The design of the 2nd sec. of the Act of 1825, ch. 117, in reference to appeals from decrees in equity where accounts have been stated and exceptions filed thereto, was, that the record should present to the appellate court, the same question on which the court below had decided.

Where exceptants appeal from an order overruling their exceptions to an account, because it did not allow a preference to their claims and ratifying the account, the onus is on them to show error in such order, and they can, in the appellate court, insist upon their own exceptions only, and the order cannot be reversed, unless there was error in overruling such exceptions.

APPEAL from the Circuit Court for Baltimore city.

This appeal was taken on the 2nd of December 1857, by the appellants, from an order of the court below, passed on the 7th of November 1857, ratifying the auditor's account J in the case of Winn & Ross vs. Albert & wife, et al., and directing the proceeds to be distributed according to that account, and overruling all exceptions in the cause, and all other other accounts of the auditor inconsistent with this order.

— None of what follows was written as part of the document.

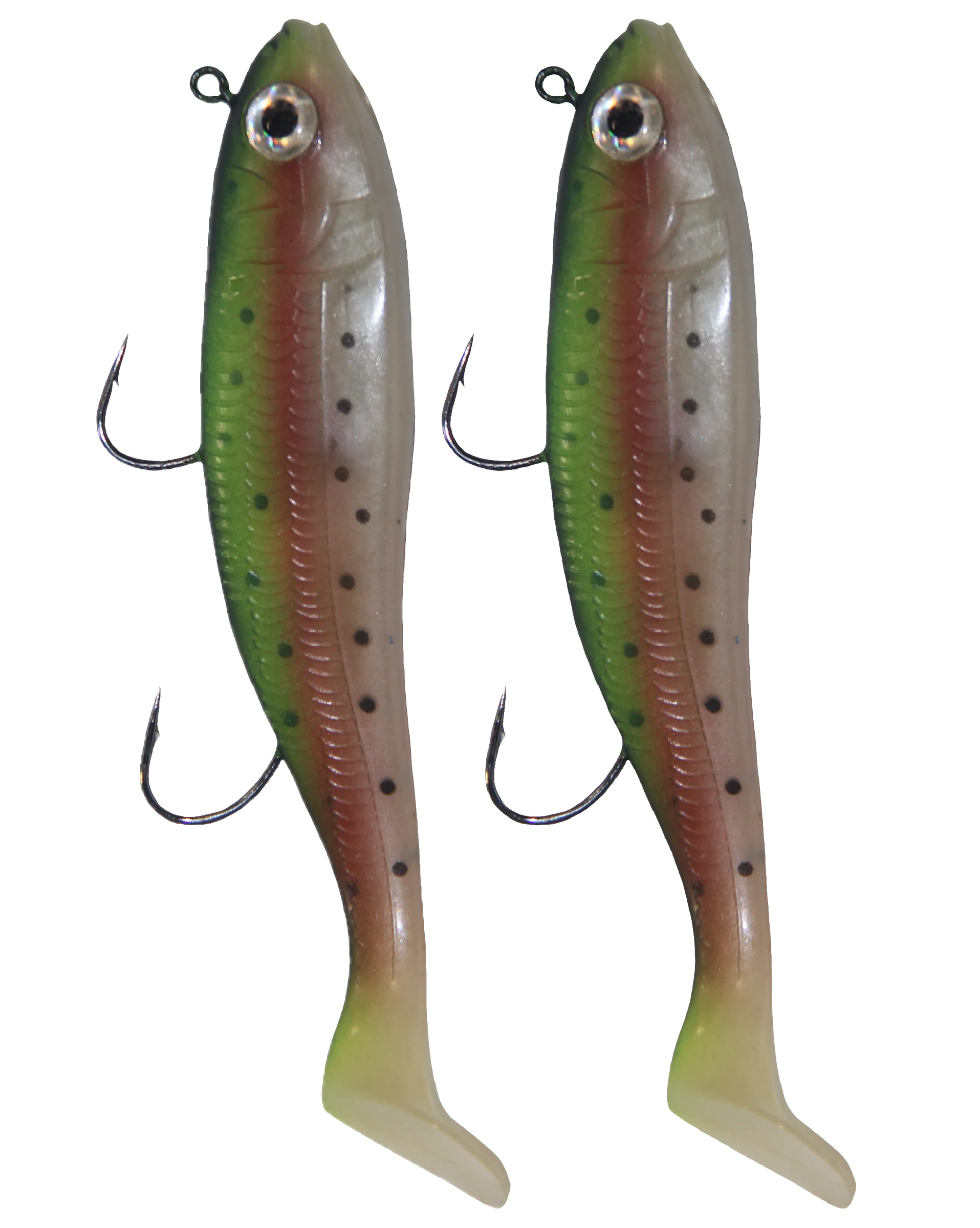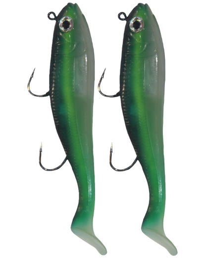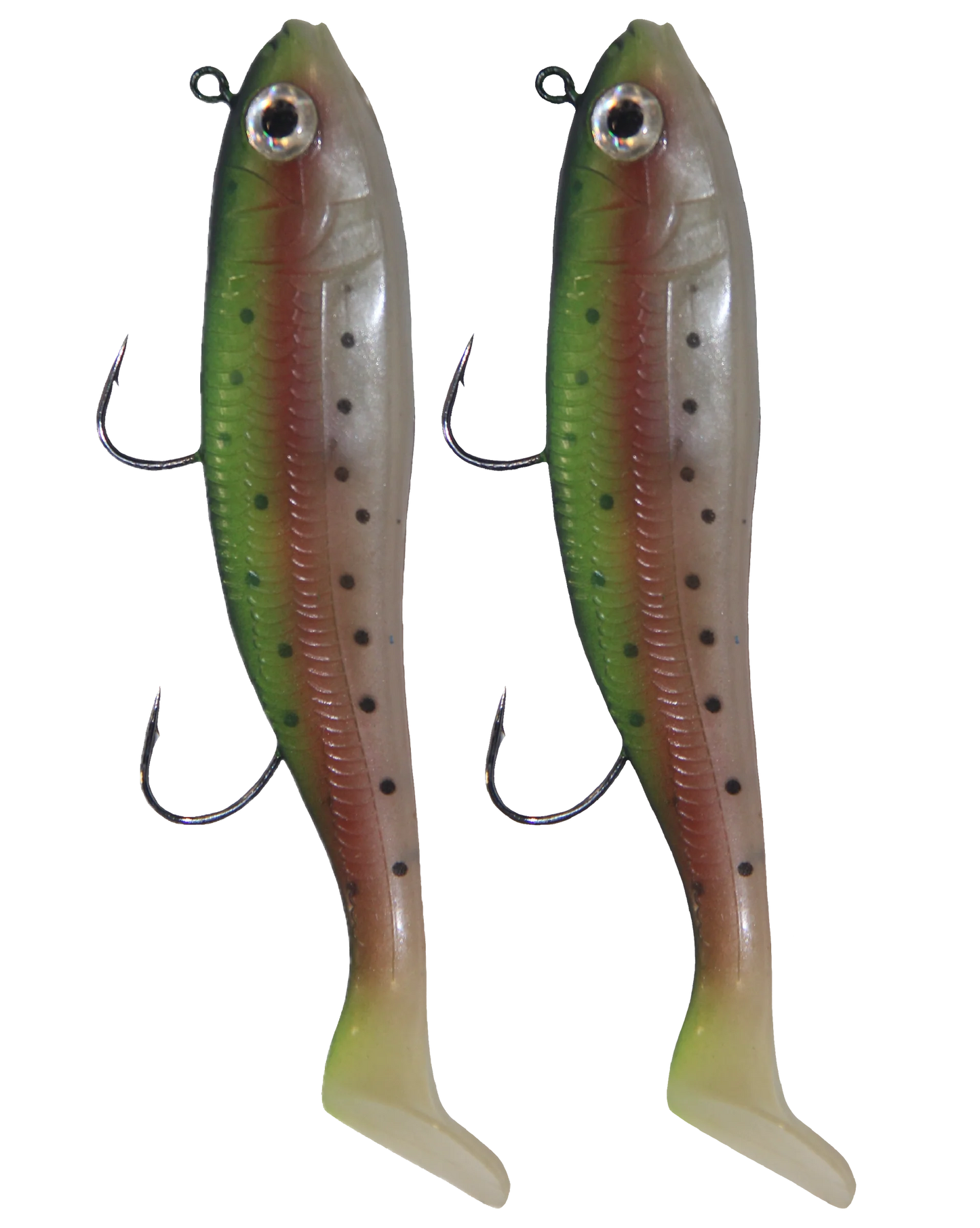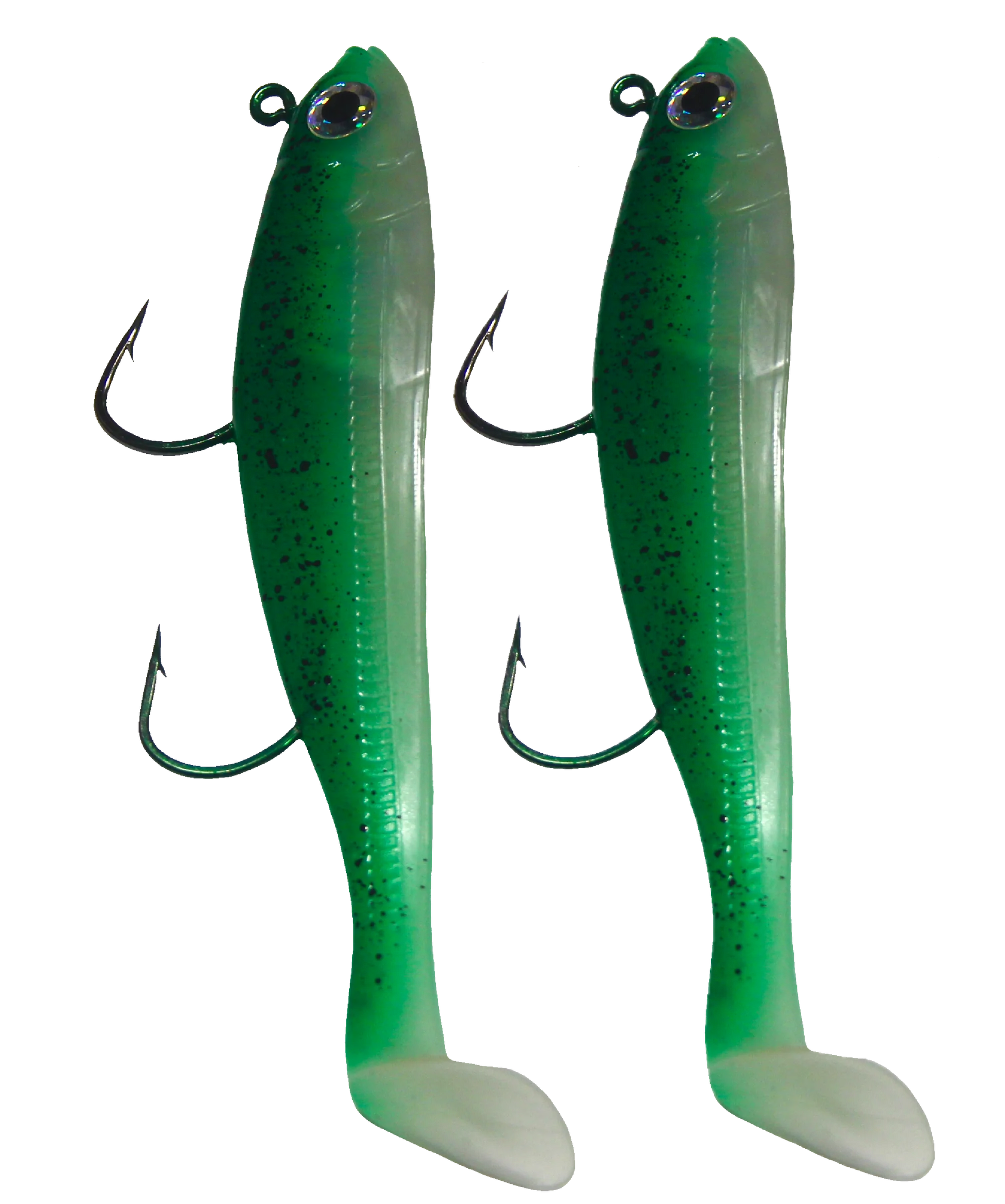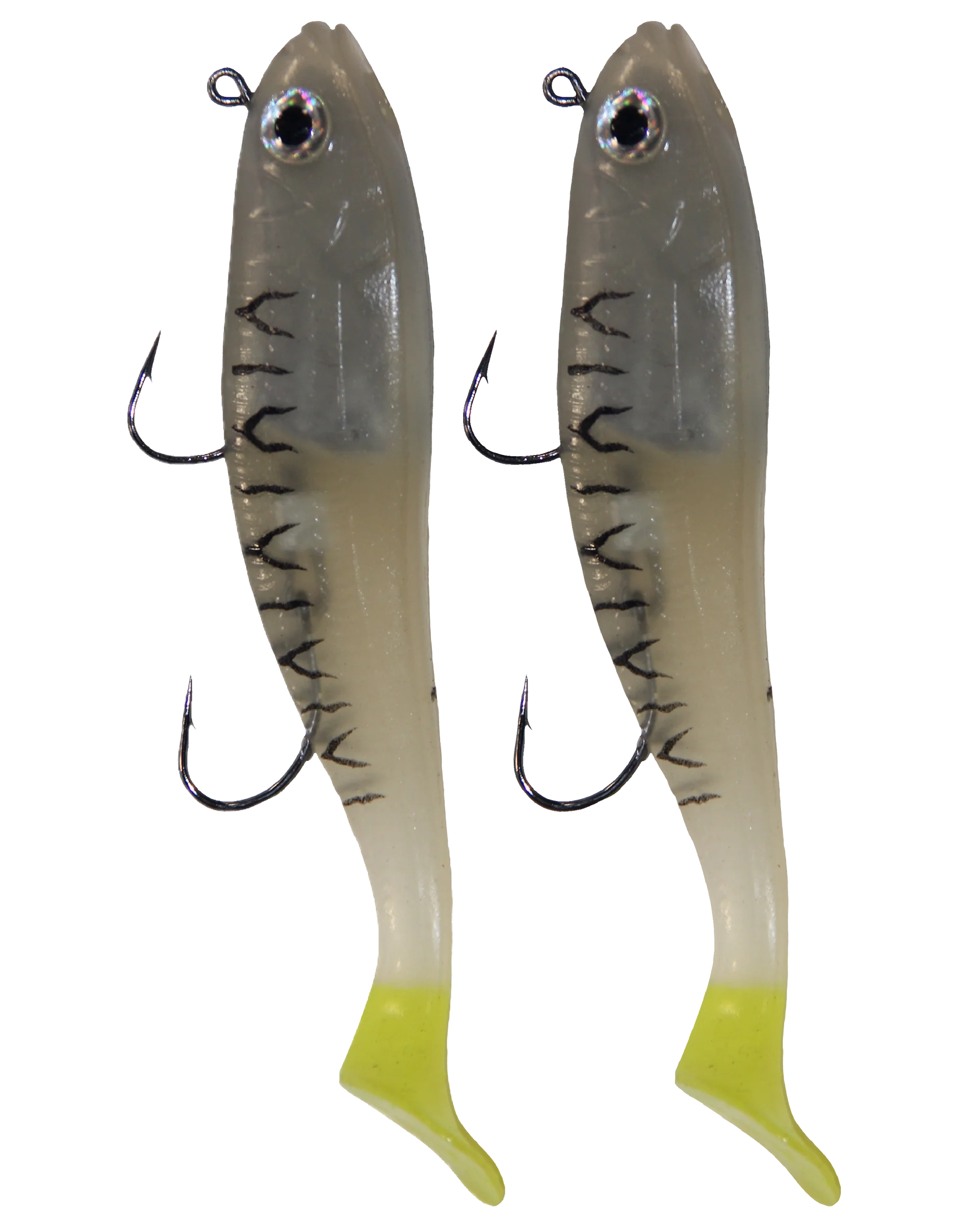 The Mega Bite swim tail jigs are deep drop swim tails with amazing swimming action for all types of bottom fish. Tails are reinforced with mesh and are extremely durable. The jigs are effective for all types of fish such as Lingcod, Halibut, Snapper, Cod, Tuna, Grouper and all other types of predator fish.

The prior proceedings and decisions in the case of Winn &amp Ross vs. Albert & wife, et al., will be found in the reports of the various appeals in 2 Md. Ch. Dec., 42; 7 Gill, 446; 2 Md. Ch. Dec., 169; and 5 Md. Rep., 66. The appellants are the creditors named in the schedule annexed to the deed of trust for the benefit of creditors, executed by Samuel Jones, Jr., to Wm. Winn and Jas. Ross, on the 26th of October 1846, and, by the terms of that deed, their claims amounting in the aggregate to the sum of $4801.33, were to be paid in full by the trustees, out of the proceeds of sale of the property thereby conveyed, as a first preference. This preference was claimed by the appellants, both under the deed and upon other grounds, and was denied by the order appealed from.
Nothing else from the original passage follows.